Data excerpts:
»»

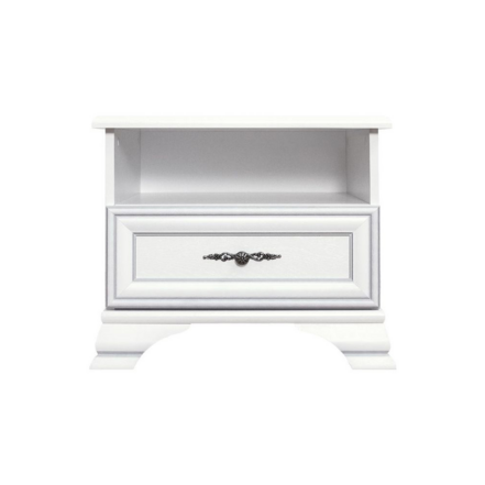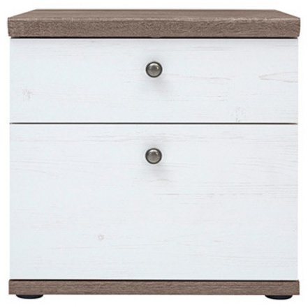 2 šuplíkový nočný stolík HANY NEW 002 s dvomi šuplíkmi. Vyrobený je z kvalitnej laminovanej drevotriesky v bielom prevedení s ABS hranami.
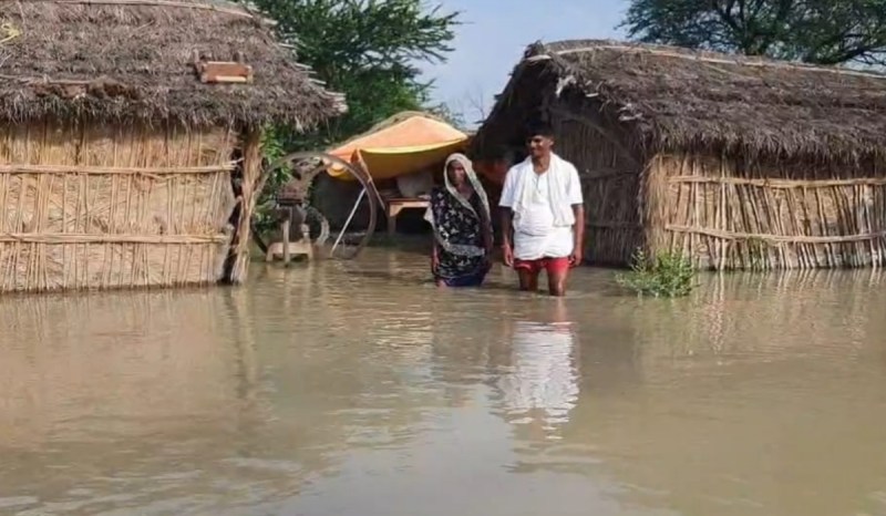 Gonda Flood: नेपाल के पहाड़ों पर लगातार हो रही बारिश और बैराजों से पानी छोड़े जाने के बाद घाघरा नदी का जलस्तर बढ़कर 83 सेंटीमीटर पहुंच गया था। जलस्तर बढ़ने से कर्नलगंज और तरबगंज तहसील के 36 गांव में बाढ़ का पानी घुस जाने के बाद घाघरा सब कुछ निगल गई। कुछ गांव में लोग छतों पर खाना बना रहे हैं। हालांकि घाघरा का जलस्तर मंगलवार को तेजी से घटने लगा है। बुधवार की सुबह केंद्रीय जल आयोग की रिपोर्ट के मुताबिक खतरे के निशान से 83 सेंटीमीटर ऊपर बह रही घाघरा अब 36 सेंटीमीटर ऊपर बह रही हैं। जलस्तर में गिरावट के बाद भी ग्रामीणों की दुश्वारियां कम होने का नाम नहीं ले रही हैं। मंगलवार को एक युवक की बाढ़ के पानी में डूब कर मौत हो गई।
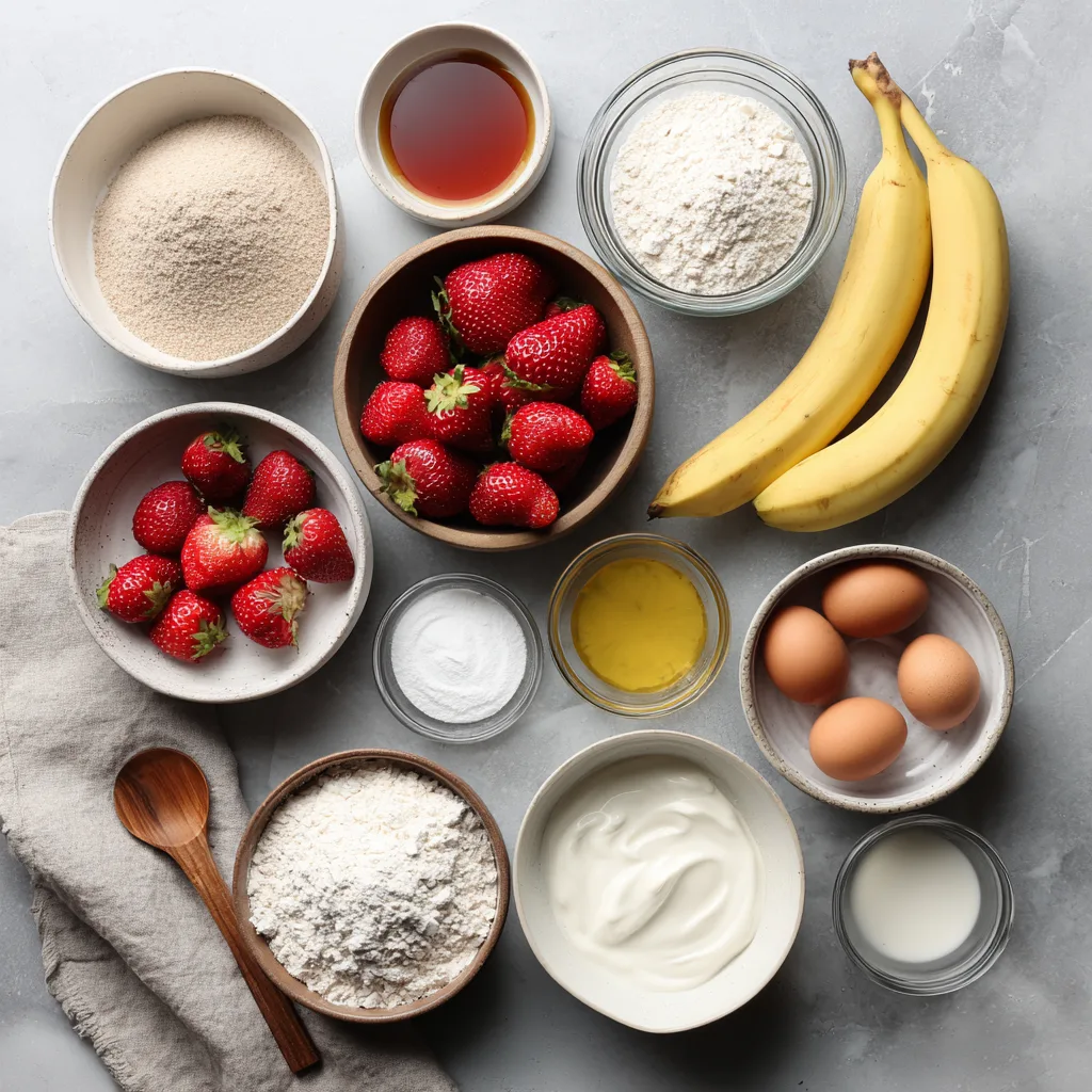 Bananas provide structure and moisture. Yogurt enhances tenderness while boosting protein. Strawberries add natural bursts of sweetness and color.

««
»»

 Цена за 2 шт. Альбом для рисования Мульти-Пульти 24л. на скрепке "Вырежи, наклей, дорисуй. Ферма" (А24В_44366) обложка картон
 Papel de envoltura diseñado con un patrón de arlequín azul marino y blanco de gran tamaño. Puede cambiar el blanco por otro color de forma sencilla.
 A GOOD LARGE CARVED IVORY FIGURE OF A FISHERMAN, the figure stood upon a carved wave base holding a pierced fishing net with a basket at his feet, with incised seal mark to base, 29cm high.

««
»»

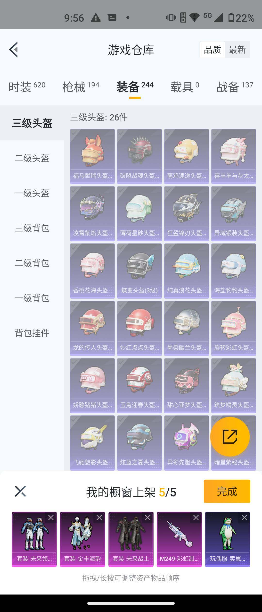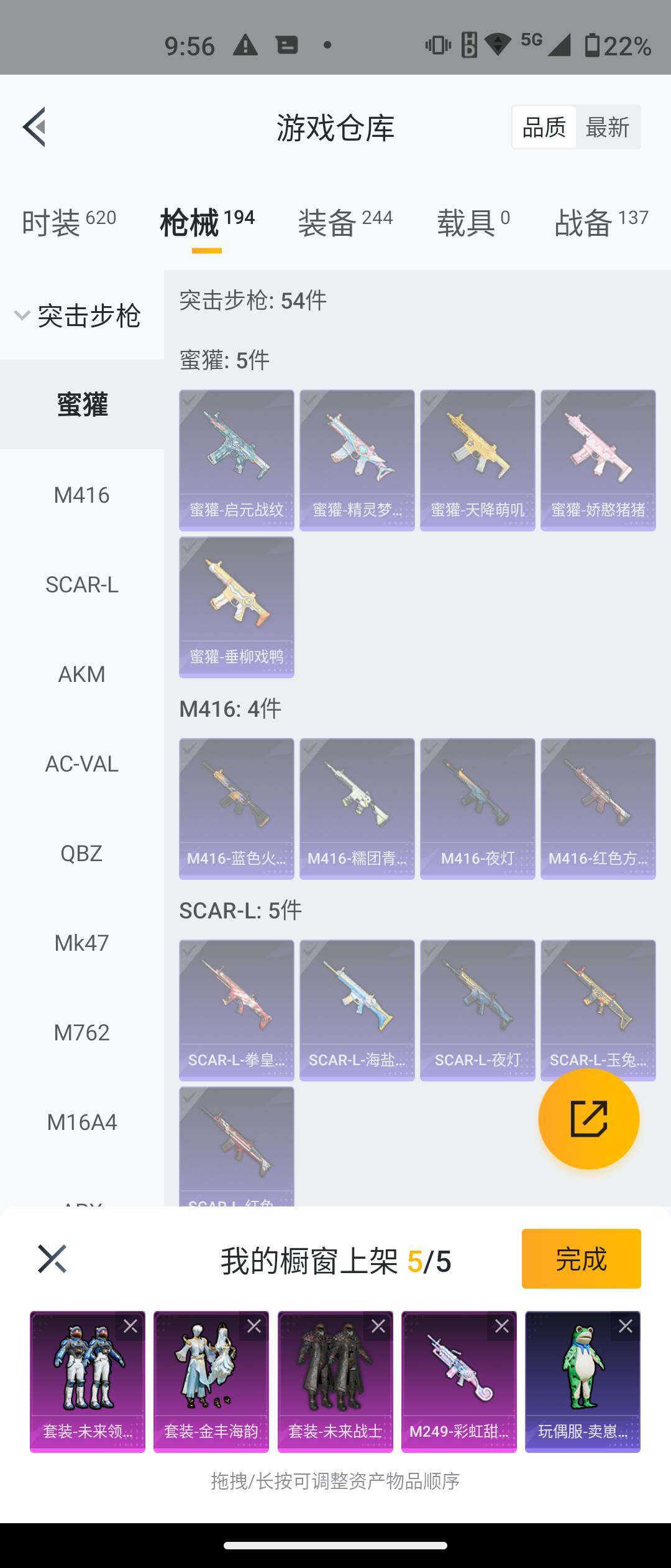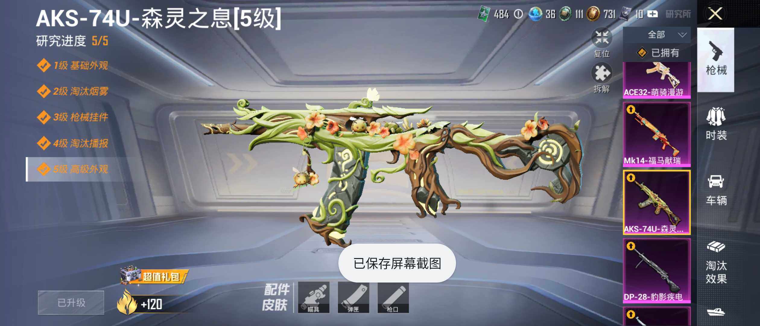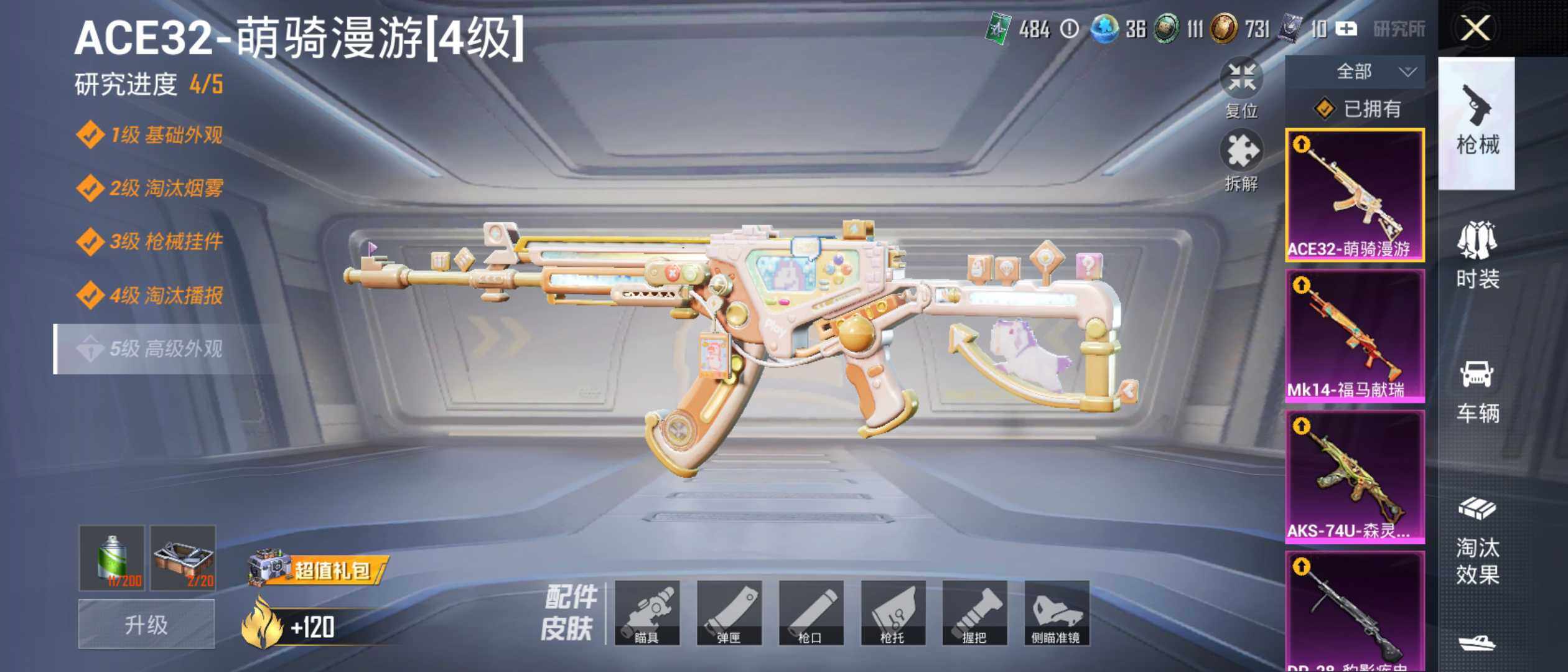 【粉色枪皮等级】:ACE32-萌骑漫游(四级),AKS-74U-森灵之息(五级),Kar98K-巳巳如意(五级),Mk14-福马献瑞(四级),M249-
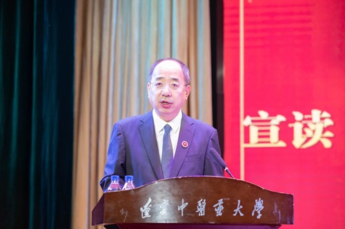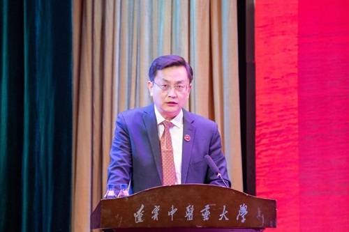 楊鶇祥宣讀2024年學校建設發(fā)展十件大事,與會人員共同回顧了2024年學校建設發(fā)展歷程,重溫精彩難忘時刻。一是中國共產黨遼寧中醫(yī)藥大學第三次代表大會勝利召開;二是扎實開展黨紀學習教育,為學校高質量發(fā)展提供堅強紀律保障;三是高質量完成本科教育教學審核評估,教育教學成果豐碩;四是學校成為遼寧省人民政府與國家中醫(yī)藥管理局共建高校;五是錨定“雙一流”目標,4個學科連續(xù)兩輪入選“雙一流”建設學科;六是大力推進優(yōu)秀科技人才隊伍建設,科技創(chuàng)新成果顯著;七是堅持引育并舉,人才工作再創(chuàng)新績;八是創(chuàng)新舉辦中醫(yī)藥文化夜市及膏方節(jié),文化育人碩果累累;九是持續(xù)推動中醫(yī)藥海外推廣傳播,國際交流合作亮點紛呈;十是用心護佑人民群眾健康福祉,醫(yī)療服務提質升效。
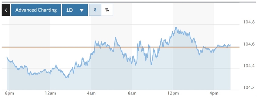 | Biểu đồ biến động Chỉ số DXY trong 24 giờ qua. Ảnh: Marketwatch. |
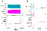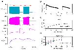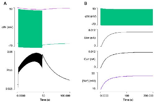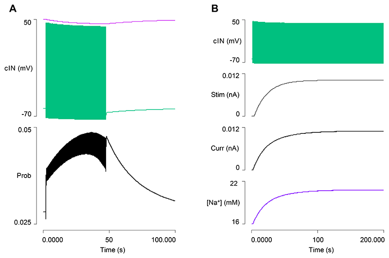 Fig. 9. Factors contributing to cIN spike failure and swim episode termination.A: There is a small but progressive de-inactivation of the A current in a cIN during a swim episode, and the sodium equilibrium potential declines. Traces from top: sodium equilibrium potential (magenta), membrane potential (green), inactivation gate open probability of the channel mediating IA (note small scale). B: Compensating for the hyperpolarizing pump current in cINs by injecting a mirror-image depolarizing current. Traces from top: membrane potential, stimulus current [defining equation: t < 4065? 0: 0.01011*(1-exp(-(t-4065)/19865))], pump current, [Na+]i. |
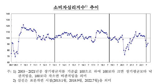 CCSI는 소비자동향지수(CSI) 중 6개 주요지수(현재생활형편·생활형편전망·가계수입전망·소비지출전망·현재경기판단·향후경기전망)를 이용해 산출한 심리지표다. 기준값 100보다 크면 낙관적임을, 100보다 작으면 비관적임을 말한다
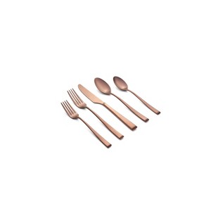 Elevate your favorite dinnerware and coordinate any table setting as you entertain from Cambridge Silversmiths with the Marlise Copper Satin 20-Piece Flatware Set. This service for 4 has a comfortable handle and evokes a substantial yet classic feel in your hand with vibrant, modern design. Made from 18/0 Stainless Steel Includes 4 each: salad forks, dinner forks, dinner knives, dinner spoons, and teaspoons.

««

Your objective:
Where the listing above reaches the line that contains "Papel de envoltura", start retyping, and finish with the line that contains "A GOOD LARGE"; reproduce those lines exactly and no others.

Task answer:
 Papel de envoltura diseñado con un patrón de arlequín azul marino y blanco de gran tamaño. Puede cambiar el blanco por otro color de forma sencilla.
 A GOOD LARGE CARVED IVORY FIGURE OF A FISHERMAN, the figure stood upon a carved wave base holding a pierced fishing net with a basket at his feet, with incised seal mark to base, 29cm high.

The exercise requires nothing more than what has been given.